Escaped sequences in `SubstitutionString`s


I tried to create a substiution string with Base.SubstistutionString() that contains an escaped sequence (\s), but, as expected, it does not work, since the relevant section in the docu says that:


Stores the given string `substr` as a `SubstitutionString` , for use in regular expression substitutions.

So, the question is whether anyone knows how to use an escaped sequence (e.g. a space character) in a substitution string that would replace another escaped sequence (e.g. a newline one).

Here is an example to use:

julia> str ="Whether an array is ordered can be defined either on construction via the ordered argument, or at any time via the ordered! function. The levels function returns 
all the levels of CategoricalArray, and the levels! function can be used to set the levels and their order. "
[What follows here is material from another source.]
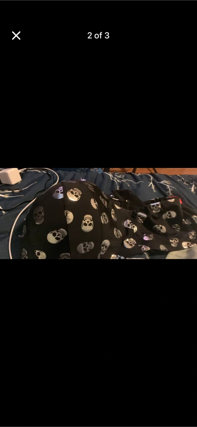 Selling a Dream Wire-Free Bra in a fun polka dot skull black pattern. It's a size 46D. Perfect for everyday comfort and support!
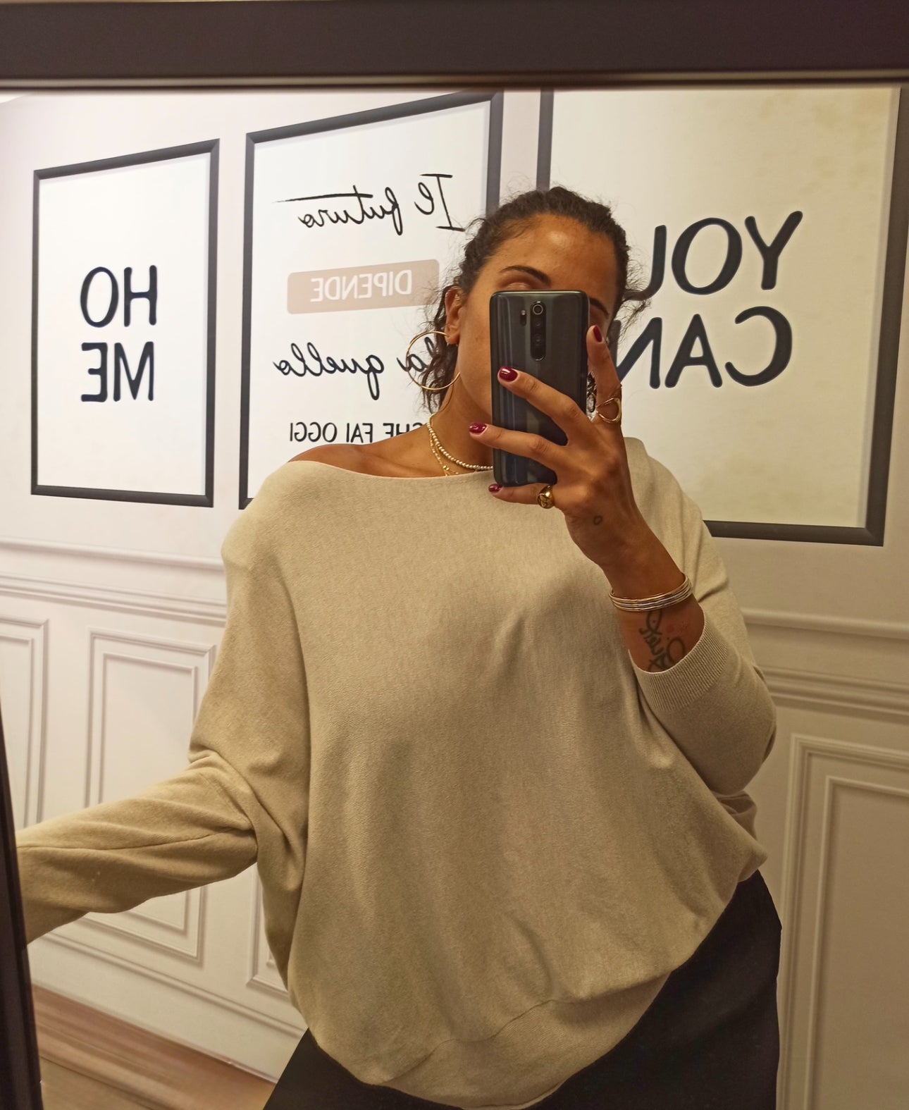 Poncho in tessuto elasticizzato con manica scesa e scollo morbido

julia> str = replace(str, r"\n" => Base.SubstitutionString("\s"))
ERROR: syntax: invalid escape sequence
 [1] top-level scope
   @ none:1



I don’t think \s is a valid escape character at all, which should be the problem in your example. If you want a space character use the string " " or better even ' '.

Note that your example can be simplified to replace(str, '\n' => ' ', as no regex is used.

1 Like

Thanks for the response and the option of not even using Base.SubstitutionString() in the first place.

Also, \s can be used as a valid escaped sequence in a regular expression, in general, and in the exact same use of replace():

julia> replace(str, r"\s" => '|')

I guess then that the regular expressions type of escaped sequences differ from the ones on the right.


Yeah, the one on the left is a Regex type that can have all the usual regular expression escape sequences. \s on the right wouldn’t make sense because it means whitespace in general, not a specific character (for eg. Tab also matches \s). So if it appears in the SubstitutionString, it’s ambiguous which character you actually want there (space or tab).

The only escape sequences in the substitution string that make sense and are interpreted, are numbered ones like \1, \2, etc. (and the corresponding named \g<name> captures) that are used to refer to parts of the regex that have been captured on the left.


That clears all the fog! Thanks!